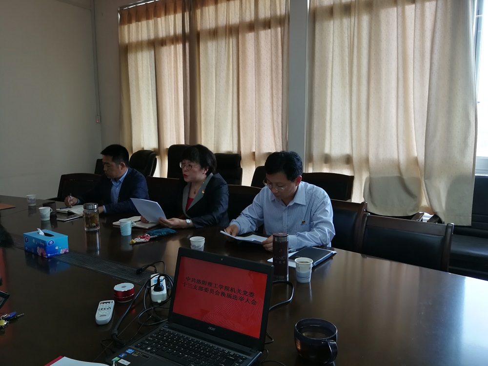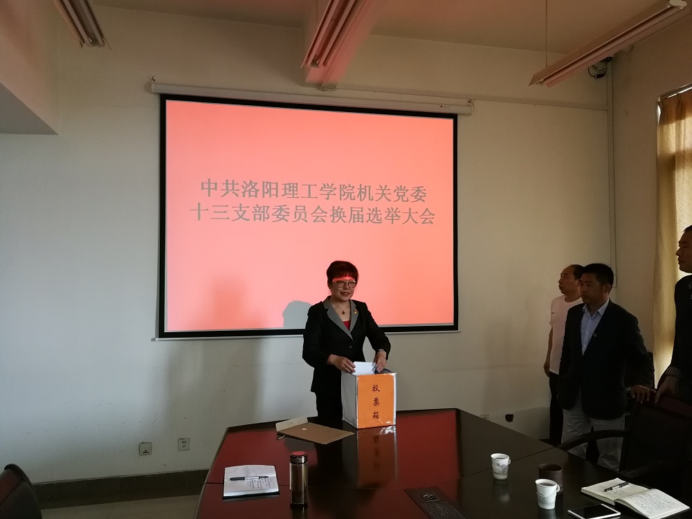 2018年4月19日下午,伴随着庄严的国歌声,机关党委第十三支部隆重召开了第四届支部委员换届选举大会。严格按照《关于做好基层党支部换届工作的通知》(党发〔2018〕11号)文件要求和选举程序,会议最终选出了以汪丽萍同志为机关党委第十三支部书记、刘孟贺同志为组织委员、仲昭麟同志为宣传兼纪检委员的新一届支委。
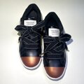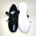 大きなリボン状の靴紐が可愛いバイカラー軽量コートスニーカー(ブラックxエナメルブラック) 22.5cm〜24.5cmのコピー
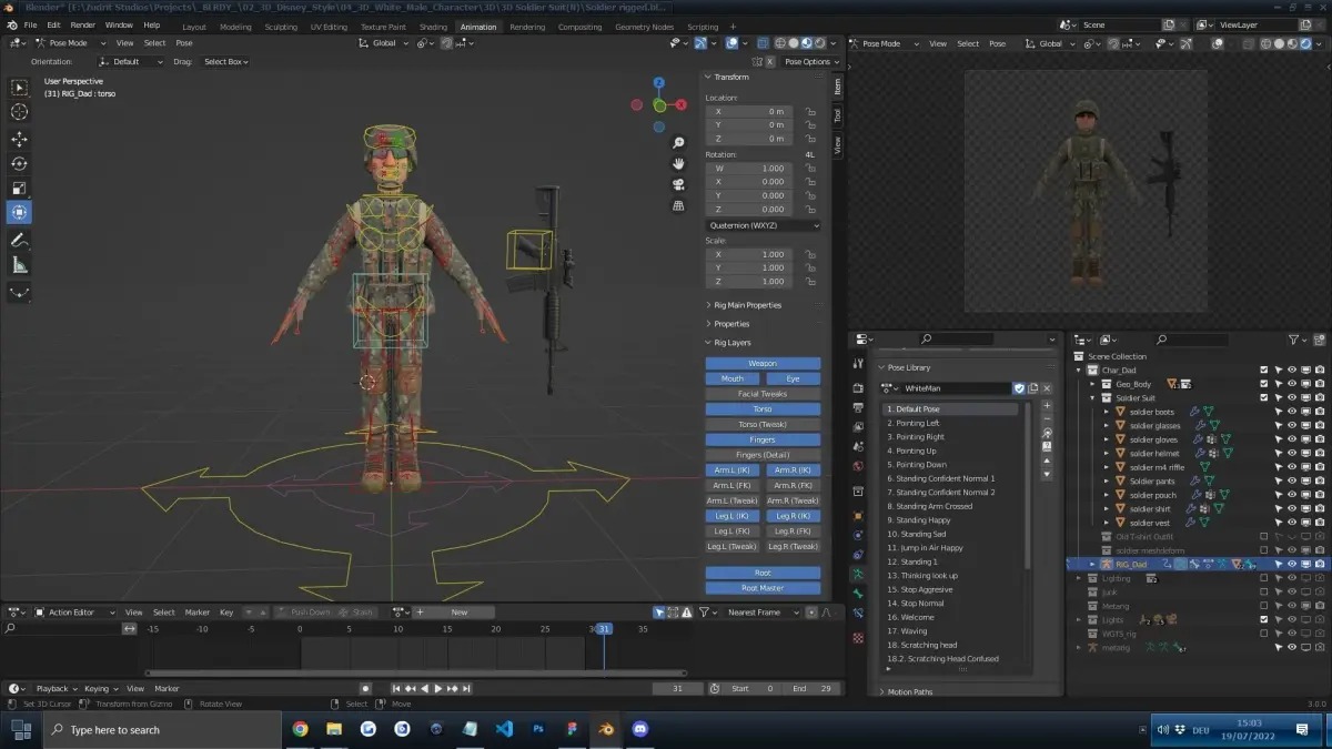 Cartoon Soldier Army Character in Disney / Pixar Style made in Blender 3.0/3.1/3.2/3.3... Light setup in Cycles & EEVEE. Ready for your Personal Websites, Movies, TV, advertising, etc.
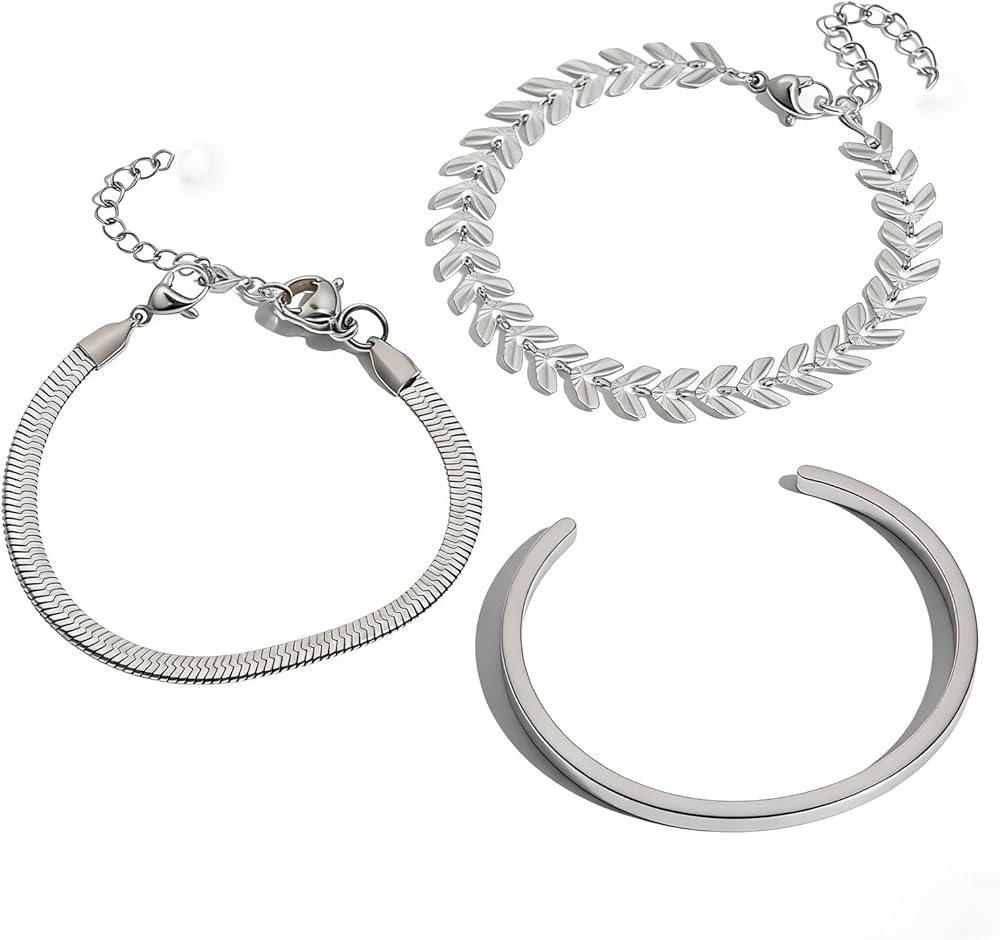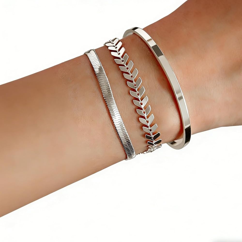 Fashionable Exquisite Bracelets--Our bracelet set can be stacked and worn, and we have designed several different styles of bracelets to enrich their fashion elements and enhance your charm. You can see flat snake bone bracelets, smooth faced bracelets, and herringbone patterned bracelets among them. The fashionable and rich appearance makes you always charming.
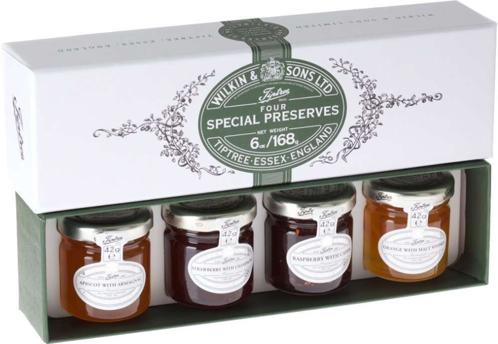 A popular gift pack containing 4 x 42g Speciality conserves - Apricot & Armagnac Preserve, Strawberry & Champagne Preserve, Raspberry & Cassis Preserve, Orange & Malt Whisky Marmalade.
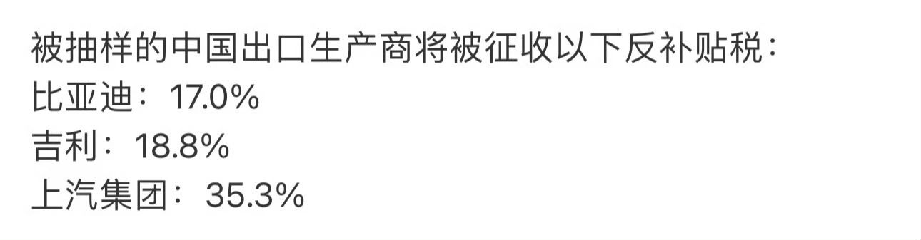 在原有10%关税的基础上,被抽样的中国出口生产商将被加征不同税率的关税。其中,上汽集团的最高,为35.3%,吉利为18.8%,比亚迪为17%;其他合作公司将被征收20.7%的关税。在提出个别审查请求后,特斯拉将被征收7.8%的关税。所有其他不合作的公司将被征收35.3%的关税。2024年7月4日对从中国进口的电动汽车征收的临时关税将不予征收。
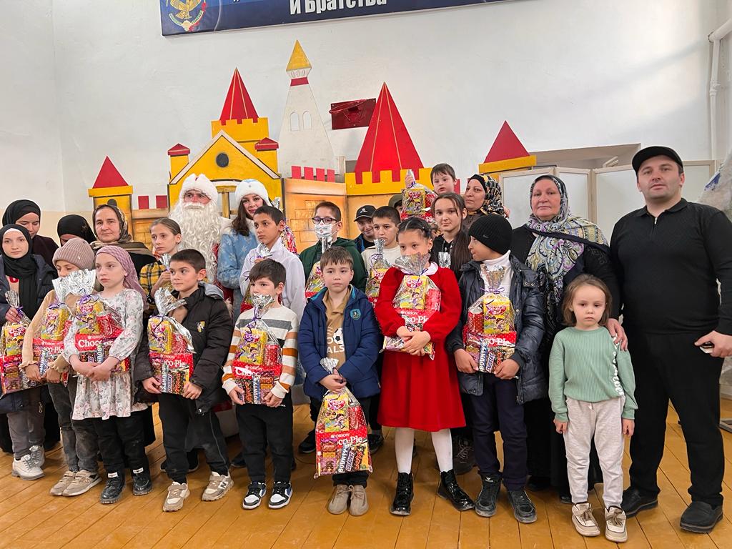 ,, с Инчха» Улуби Улубиева пожелала детям крепкого здоровья и мирного неба над головой. В конце праздника Дед Мороз и Снегурочка вручили сладкие новогодние подарки детям от главы МО АСП
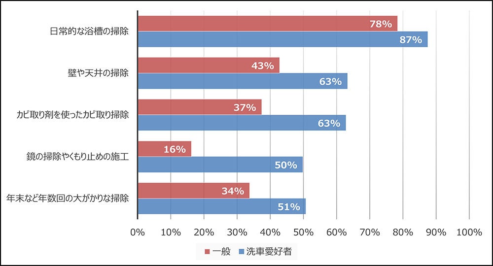 全ての掃除項目において、洗車愛好者が一般より高い数値となった。特に「鏡の掃除やくもり止めの施工」については3倍以上に。また、日常的な浴槽の掃除に加え、壁や天井の掃除やカビ取り剤を使ったカビ取り掃除など、ひと手間加えた掃除についても、洗車愛好者の半数を超える人がおこなっていることが分かった。
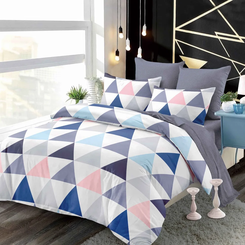 PRIMAVARA Lenjerii de pat Finet 6 piese cu Elastic, alb cu triunghiuri albastre și roz-FEL287
################
● EXERCISE OBJECTIVE:
Return every entry of the data above verbatim, with no images included.

● ANSWER:
 2018年4月19日下午,伴随着庄严的国歌声,机关党委第十三支部隆重召开了第四届支部委员换届选举大会。严格按照《关于做好基层党支部换届工作的通知》(党发〔2018〕11号)文件要求和选举程序,会议最终选出了以汪丽萍同志为机关党委第十三支部书记、刘孟贺同志为组织委员、仲昭麟同志为宣传兼纪检委员的新一届支委。
 大きなリボン状の靴紐が可愛いバイカラー軽量コートスニーカー(ブラックxエナメルブラック) 22.5cm〜24.5cmのコピー
 Cartoon Soldier Army Character in Disney / Pixar Style made in Blender 3.0/3.1/3.2/3.3... Light setup in Cycles & EEVEE. Ready for your Personal Websites, Movies, TV, advertising, etc.
 Fashionable Exquisite Bracelets--Our bracelet set can be stacked and worn, and we have designed several different styles of bracelets to enrich their fashion elements and enhance your charm. You can see flat snake bone bracelets, smooth faced bracelets, and herringbone patterned bracelets among them. The fashionable and rich appearance makes you always charming.
 A popular gift pack containing 4 x 42g Speciality conserves - Apricot & Armagnac Preserve, Strawberry & Champagne Preserve, Raspberry & Cassis Preserve, Orange & Malt Whisky Marmalade.
 在原有10%关税的基础上,被抽样的中国出口生产商将被加征不同税率的关税。其中,上汽集团的最高,为35.3%,吉利为18.8%,比亚迪为17%;其他合作公司将被征收20.7%的关税。在提出个别审查请求后,特斯拉将被征收7.8%的关税。所有其他不合作的公司将被征收35.3%的关税。2024年7月4日对从中国进口的电动汽车征收的临时关税将不予征收。
 ,, с Инчха» Улуби Улубиева пожелала детям крепкого здоровья и мирного неба над головой. В конце праздника Дед Мороз и Снегурочка вручили сладкие новогодние подарки детям от главы МО АСП
 全ての掃除項目において、洗車愛好者が一般より高い数値となった。特に「鏡の掃除やくもり止めの施工」については3倍以上に。また、日常的な浴槽の掃除に加え、壁や天井の掃除やカビ取り剤を使ったカビ取り掃除など、ひと手間加えた掃除についても、洗車愛好者の半数を超える人がおこなっていることが分かった。
 PRIMAVARA Lenjerii de pat Finet 6 piese cu Elastic, alb cu triunghiuri albastre și roz-FEL287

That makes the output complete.